▶ [SUPPLIED RECORDS]:
= Beginning of Section =
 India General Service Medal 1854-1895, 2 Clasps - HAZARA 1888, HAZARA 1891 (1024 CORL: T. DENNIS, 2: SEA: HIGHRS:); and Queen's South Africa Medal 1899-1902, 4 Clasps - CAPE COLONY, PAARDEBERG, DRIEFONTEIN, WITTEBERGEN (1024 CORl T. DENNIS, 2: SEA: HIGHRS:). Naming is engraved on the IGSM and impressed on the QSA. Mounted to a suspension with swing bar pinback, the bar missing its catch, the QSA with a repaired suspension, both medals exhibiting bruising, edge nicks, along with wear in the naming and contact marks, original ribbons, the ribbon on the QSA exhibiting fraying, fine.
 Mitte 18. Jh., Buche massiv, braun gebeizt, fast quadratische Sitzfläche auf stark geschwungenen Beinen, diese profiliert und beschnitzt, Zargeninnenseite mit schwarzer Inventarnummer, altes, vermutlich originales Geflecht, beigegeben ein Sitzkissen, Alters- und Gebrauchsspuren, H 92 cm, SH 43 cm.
= End of Section =
= Beginning of Section =
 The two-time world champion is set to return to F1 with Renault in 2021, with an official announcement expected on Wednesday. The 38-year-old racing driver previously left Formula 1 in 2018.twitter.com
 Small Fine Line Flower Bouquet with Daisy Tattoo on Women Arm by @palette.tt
= End of Section =
= Beginning of Section =
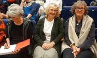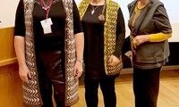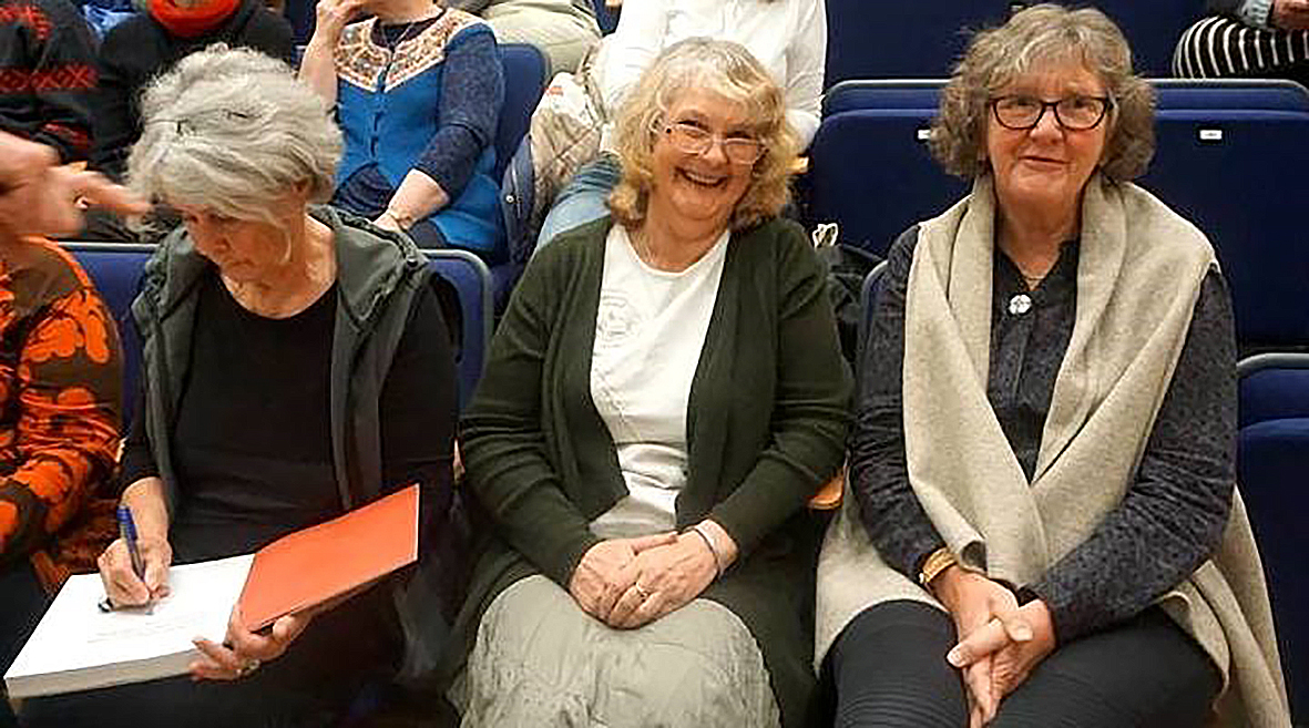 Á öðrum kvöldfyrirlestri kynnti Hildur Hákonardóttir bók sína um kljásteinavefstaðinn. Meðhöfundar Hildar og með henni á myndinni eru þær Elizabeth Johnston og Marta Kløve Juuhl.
= End of Section =
▶ [TASK STATEMENT]: Here the job is to set down exactly the lines of the material above that fall between the one with "The two-time world" and the one with "Small Fine Line", inclusive, and nothing beyond them.

▶ [ANSWER FOR THE TASK]:
 The two-time world champion is set to return to F1 with Renault in 2021, with an official announcement expected on Wednesday. The 38-year-old racing driver previously left Formula 1 in 2018.twitter.com
 Small Fine Line Flower Bouquet with Daisy Tattoo on Women Arm by @palette.tt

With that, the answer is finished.